Figure 4. Expression of chimeric EGFP-Rab27a proteins in melan-ash2 (Rab27a null) melanocytes.
Melan-ash2 melanocytes were transiently transfected with EGFP-Rab27a WT (A–D), EGFP-Rab27aSF1F4 (E–H) or EGFP-Rab27aSF2 (I–L). Cells were fixed and observed by confocal microscopy (A, E and I) and phase contrast (B, F and J). In panels C, G and K the merged images show the overlap between EGFP fluorescence (green) and pigmented melanosomes (red pseudocolour). Insets are magnifications of the indicated regions showing subcellular localization of Rab27a mutants in more detail. Panels D, H and L are blow-ups of the insets in panels C, G and K. * indicates untransfected cell. Bar = 10 µm.
A possible reason for Rab27aSF1/F4 inability to function in ashen melanocytes could be due to effects on membrane stability. To test this, the dynamics of EGFP-Rab27aSF1/F4 was examined in ashen melanocytes using fluorescence recovery after photobleaching (FRAP). We observed that melanosome-associated EGFP-Rab27aSF1/F4 fluorescence, like EGFP-Rab27aWT, did not recover within 5 min of photobleaching (data not shown). This indicates that loss of effector interaction does not affect the stability of Rab27a within the membrane.
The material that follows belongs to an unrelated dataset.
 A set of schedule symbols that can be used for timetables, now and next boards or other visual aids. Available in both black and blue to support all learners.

The Rab27a GEF Rab3GEP is necessary for Rab27a localization to melanosomes
We next tested the role of GEF activity in Rab27a targeting. Rab3GEP is the non-redundant exchange factor for Rab27a in melanocytes. Depletion of Rab3GEP with siRNAs leads to the perinuclear aggregation of melanosomes because of an inability to activate Rab27a, as described previously (15). We labelled Rab3GEP-depleted melanocytes with antibodies to Rab27a to investigate its subcellular localization. Efficiently depleted cells were identifiable on the basis of melanosome clustering. As shown in Figure 5A, Rab27a was no longer detected on mature melanosomes, indicating that Rab3GEP plays an important role in its targeting. As a control, we induced melanosome clustering by depleting melanocytes of Mlph. Rab27a was readily observed on melanosomes that had lost their peripheral distribution because of Mlph depletion. In Rab3GEP-depleted melanocytes, Rab27a was found on membraneous structures distinct from melanosomes. Subcellular fractionation confirmed that Rab27a was predominantly membrane-bound in these cells, similar to what is seen in cells treated with non-targeting or Mlph-specific siRNAs (Figure 5B).
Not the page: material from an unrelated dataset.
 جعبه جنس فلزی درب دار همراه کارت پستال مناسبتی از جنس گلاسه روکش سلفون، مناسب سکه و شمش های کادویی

Figure 5. Endogenous Rab27a mislocalizes in Rab3GEP-depleted melanocytes.
A) WT melanocytes transfected with either non-targeting siRNA oligos (A–E), Mlph-specific siRNA oligos (F–J) or Rab3GEP-specific siRNA oligos (K–O) were fixed 72 h after transfection and labelled with antibodies to Rab27a. Panels A, F and K show phase contrast images depicting the distribution of melanosomes. Panels B, G and L depict the distribution of Rab27a. Panels C–E, F–J and K–O show overlap between Rab27a and melanosomes under these conditions at higher magnification. Panel P is a blow-up of panel O. Arrows mark the positions of individual pigmented melanosomes. B) Melanocytes were transfected with siRNAs as above. After 72 h, cells were disrupted and separated into soluble (S) and pelletable (P) fractions by centrifugation at 100 000 ×g. Rab27a was detected by immunoblotting.
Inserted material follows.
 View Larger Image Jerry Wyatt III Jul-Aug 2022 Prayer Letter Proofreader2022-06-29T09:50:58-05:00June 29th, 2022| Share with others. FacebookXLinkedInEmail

To extend these findings, we analysed the melanosomal targeting of newly synthesized Rab27a in Rab3GEP-depleted cells. Melanocytes were treated with control or Rab3GEP siRNAs, and subsequently transfected with EGFP-Rab27a WT or EGFP-Rab27aSF1/F4. In cells treated with control siRNA, both Rab27a WT and Rab27aSF1/F4 clearly localized to melanosomes (Figure 6). However, in cells lacking Rab3GEP, both Rab27a WT and Rab27aSF1/F4 were mislocalized to non-melanosomal membranes. Taken together, these data suggest that Rab3GEP, while not required for the association of Rab27a with membranes per se, is necessary for its correct localization to melanosomes.
Figure 6. Localization of EGFP-Rab27a WT and EGFP-Rab27aSF1/F4 mutants in Rab3GEP-depleted melanocytes.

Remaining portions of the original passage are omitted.